He finished with, ‘One victim was left in situ, the other two are still unaccounted for. Two fingers were taken from each victim, one ante-mortem and one post-mortem. The two missing victims had both been anaesthetised.’
‘Anaesthetised? That’s some fucked-up shit you’ve got going on over there, Sergeant Poe.’
‘Tell me about it.’
‘And you think this asshole’s not operating remotely?’
‘We know he’s been here as the single-board computers were all placed locally. When is up for debate. My IT specialist says they could have been there for months, years even.’
‘Do you have anyone for the murders yet?’
‘A brother and sister.’
‘And let me guess. They both copped to things you hadn’t even known about but vehemently deny murdering anyone.’
‘Pretty much,’ Poe admitted.
‘How’d you identify them?’
Poe was about to say ‘good police work’ but managed to stop himself.
‘There was … evidence,’ he said carefully.
‘Solid?’
‘Yes.’
‘But not easily found?’
‘No. We had to work for it.’ I had to climb a bloody tree, he almost added.
‘So you were more likely to have faith in it.’
Poe said nothing. The thought had crossed his mind a couple of times. Human nature meant that evidence you worked for tended to be trusted more than evidence that came easily.
‘What did you have?’
‘A kite we traced back to the brother was found in a tree overlooking one victim’s house and a piece of paper found in his bin matched documents left at the deposition sites.’
‘Careless of him.’
‘It was.’
‘Maybe too careless.’
‘As I said, there are similarities,’ Poe said.
Melody Lee sighed. ‘Sergeant Poe, I think it’s about time I told you about a man who calls himself the Curator …’
Chapter 48
‘It didn’t even start as a rumour,’ Melody Lee said. ‘More like the rumour of a rumour. I’d picked up this guy outta Boston on a racketeering charge and he tried to sweeten the DA’s deal with some bullshit story about a fixer for hire. Calls himself the Curator because of the way he goes about his business. All long-arm. Never gets involved directly so he can’t be caught via traditional law enforcement methods. He supposedly uses online tools to manipulate vulnerable kids into doing what needs to be done.’

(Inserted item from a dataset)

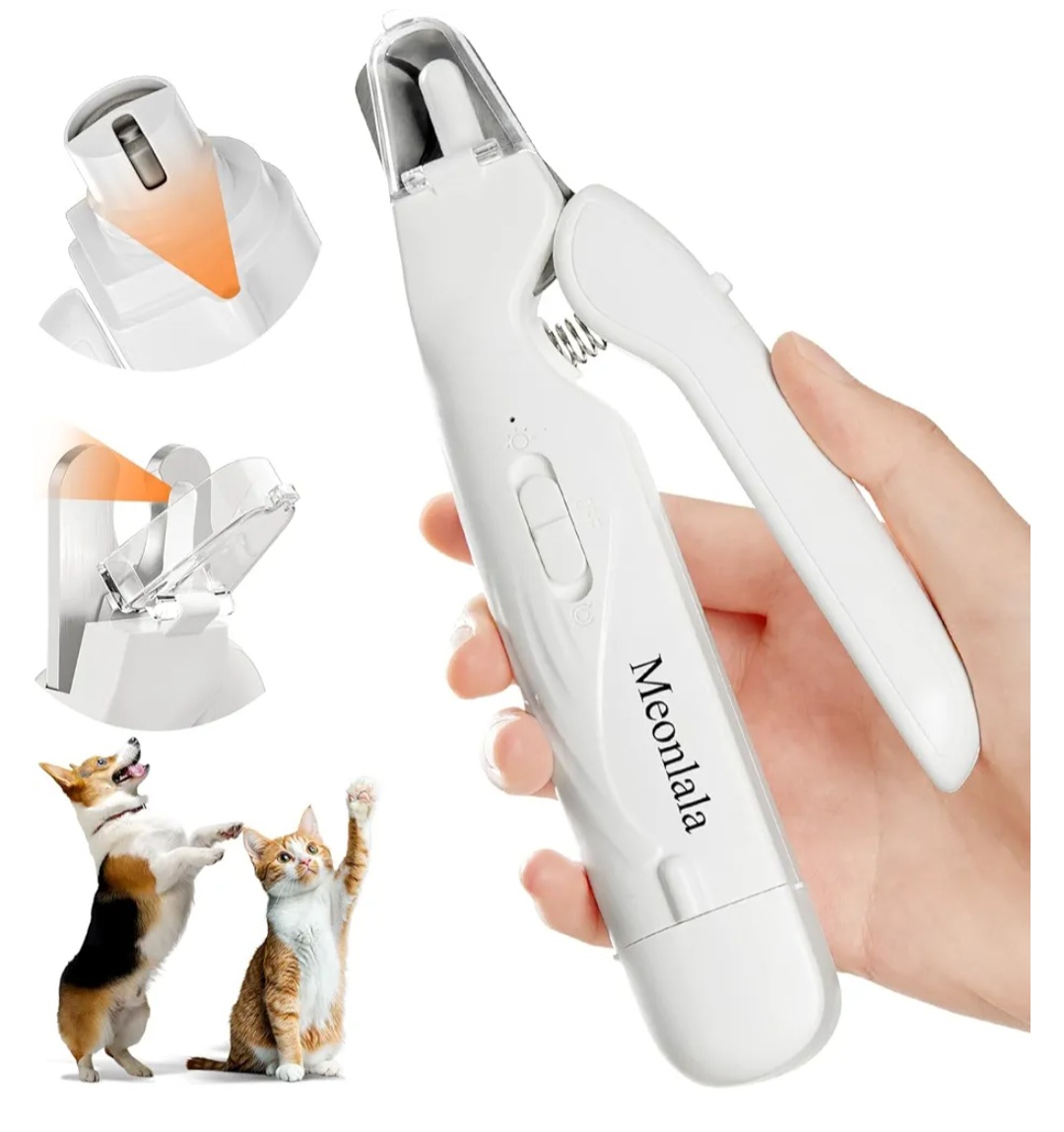 This 2-in-1 pet nail grooming tool combines precision nail clippers with a quiet electric nail grinder, featuring dual LED lights for clear visibility and safer trimming. Designed for easy at-home use, itβs perfect for dogs and cats of all sizes.

‘He’s a contract killer?’ Poe said.
‘He didn’t think so. He claimed that this guy was more of a problem solver. For the right price he offers bespoke solutions to whatever mess you’ve gotten yourself into. Manipulates a hacker into planting kiddie porn on the computer of the man who dumped you, fixes a DUI by getting some kid to burn down the lab storing the blood sample. That type of thing. Even if the person is caught, there’s no link back to him. And therefore absolutely no way back to the person who hired him.’